**WORK INSTRUCTIONS**:
From the entries below, please output exactly the lines starting at the one containing "Upgrade your ethnic" and ending at the one containing "Nebenbei gab es", both included.

**SUPPLIED RECORDS**:
⟨
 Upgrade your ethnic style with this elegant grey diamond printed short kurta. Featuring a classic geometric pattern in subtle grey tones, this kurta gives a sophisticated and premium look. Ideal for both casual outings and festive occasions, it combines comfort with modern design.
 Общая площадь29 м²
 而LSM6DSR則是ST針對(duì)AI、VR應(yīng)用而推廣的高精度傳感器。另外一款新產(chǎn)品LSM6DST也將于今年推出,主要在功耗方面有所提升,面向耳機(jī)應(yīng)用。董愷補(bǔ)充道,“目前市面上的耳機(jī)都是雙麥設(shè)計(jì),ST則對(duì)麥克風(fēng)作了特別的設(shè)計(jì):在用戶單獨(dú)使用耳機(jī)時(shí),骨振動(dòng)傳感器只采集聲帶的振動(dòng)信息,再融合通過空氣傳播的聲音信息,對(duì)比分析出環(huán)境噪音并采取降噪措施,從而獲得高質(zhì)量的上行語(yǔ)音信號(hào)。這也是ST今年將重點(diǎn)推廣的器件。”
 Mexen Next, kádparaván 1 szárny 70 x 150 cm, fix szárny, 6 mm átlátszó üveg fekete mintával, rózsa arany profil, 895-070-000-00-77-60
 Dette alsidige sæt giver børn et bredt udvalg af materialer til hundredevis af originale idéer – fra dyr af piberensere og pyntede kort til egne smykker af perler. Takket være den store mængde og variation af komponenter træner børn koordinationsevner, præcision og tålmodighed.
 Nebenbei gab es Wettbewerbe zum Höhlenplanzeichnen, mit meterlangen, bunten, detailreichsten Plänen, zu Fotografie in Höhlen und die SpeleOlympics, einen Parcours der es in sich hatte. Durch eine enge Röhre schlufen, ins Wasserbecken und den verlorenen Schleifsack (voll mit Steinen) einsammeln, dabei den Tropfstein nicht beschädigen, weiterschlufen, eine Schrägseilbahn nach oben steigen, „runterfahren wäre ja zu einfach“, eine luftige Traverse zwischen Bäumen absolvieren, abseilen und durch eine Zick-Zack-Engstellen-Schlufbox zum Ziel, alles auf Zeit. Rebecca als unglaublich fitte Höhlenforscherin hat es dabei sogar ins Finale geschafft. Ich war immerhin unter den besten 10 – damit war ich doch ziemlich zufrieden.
⟩
⟨
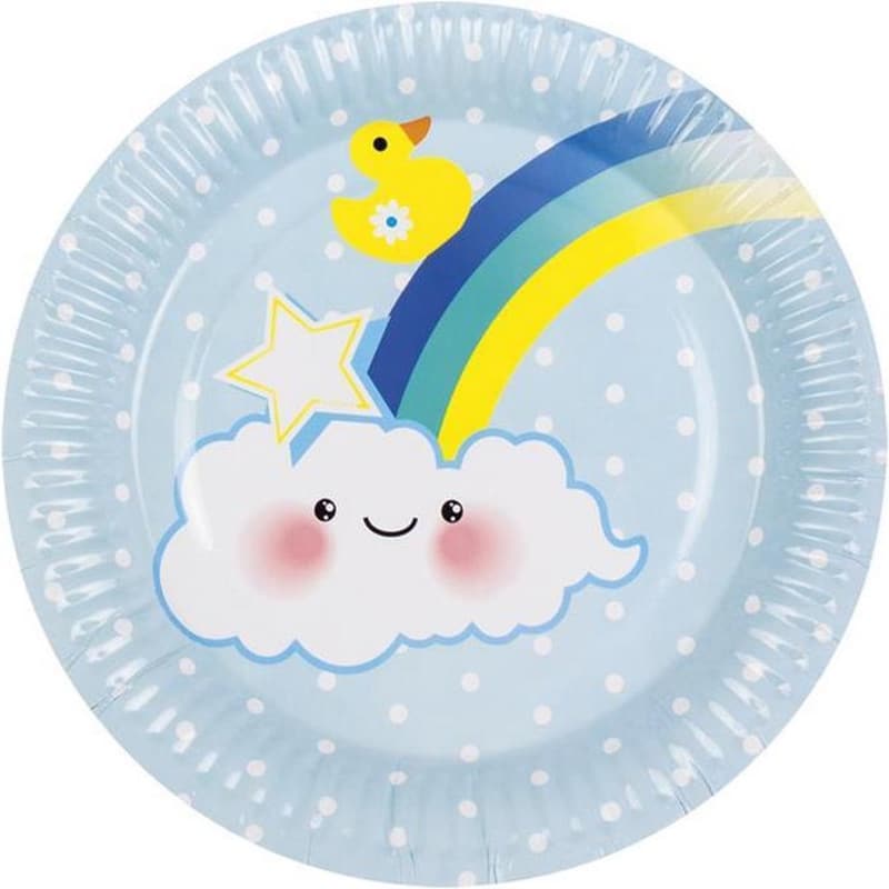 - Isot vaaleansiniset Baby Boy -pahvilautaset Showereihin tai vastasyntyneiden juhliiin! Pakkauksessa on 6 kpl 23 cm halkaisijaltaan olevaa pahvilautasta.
⟩
**SOLUTION**:
 Upgrade your ethnic style with this elegant grey diamond printed short kurta. Featuring a classic geometric pattern in subtle grey tones, this kurta gives a sophisticated and premium look. Ideal for both casual outings and festive occasions, it combines comfort with modern design.
 Общая площадь29 м²
 而LSM6DSR則是ST針對(duì)AI、VR應(yīng)用而推廣的高精度傳感器。另外一款新產(chǎn)品LSM6DST也將于今年推出,主要在功耗方面有所提升,面向耳機(jī)應(yīng)用。董愷補(bǔ)充道,“目前市面上的耳機(jī)都是雙麥設(shè)計(jì),ST則對(duì)麥克風(fēng)作了特別的設(shè)計(jì):在用戶單獨(dú)使用耳機(jī)時(shí),骨振動(dòng)傳感器只采集聲帶的振動(dòng)信息,再融合通過空氣傳播的聲音信息,對(duì)比分析出環(huán)境噪音并采取降噪措施,從而獲得高質(zhì)量的上行語(yǔ)音信號(hào)。這也是ST今年將重點(diǎn)推廣的器件。”
 Mexen Next, kádparaván 1 szárny 70 x 150 cm, fix szárny, 6 mm átlátszó üveg fekete mintával, rózsa arany profil, 895-070-000-00-77-60
 Dette alsidige sæt giver børn et bredt udvalg af materialer til hundredevis af originale idéer – fra dyr af piberensere og pyntede kort til egne smykker af perler. Takket være den store mængde og variation af komponenter træner børn koordinationsevner, præcision og tålmodighed.
 Nebenbei gab es Wettbewerbe zum Höhlenplanzeichnen, mit meterlangen, bunten, detailreichsten Plänen, zu Fotografie in Höhlen und die SpeleOlympics, einen Parcours der es in sich hatte. Durch eine enge Röhre schlufen, ins Wasserbecken und den verlorenen Schleifsack (voll mit Steinen) einsammeln, dabei den Tropfstein nicht beschädigen, weiterschlufen, eine Schrägseilbahn nach oben steigen, „runterfahren wäre ja zu einfach“, eine luftige Traverse zwischen Bäumen absolvieren, abseilen und durch eine Zick-Zack-Engstellen-Schlufbox zum Ziel, alles auf Zeit. Rebecca als unglaublich fitte Höhlenforscherin hat es dabei sogar ins Finale geschafft. Ich war immerhin unter den besten 10 – damit war ich doch ziemlich zufrieden.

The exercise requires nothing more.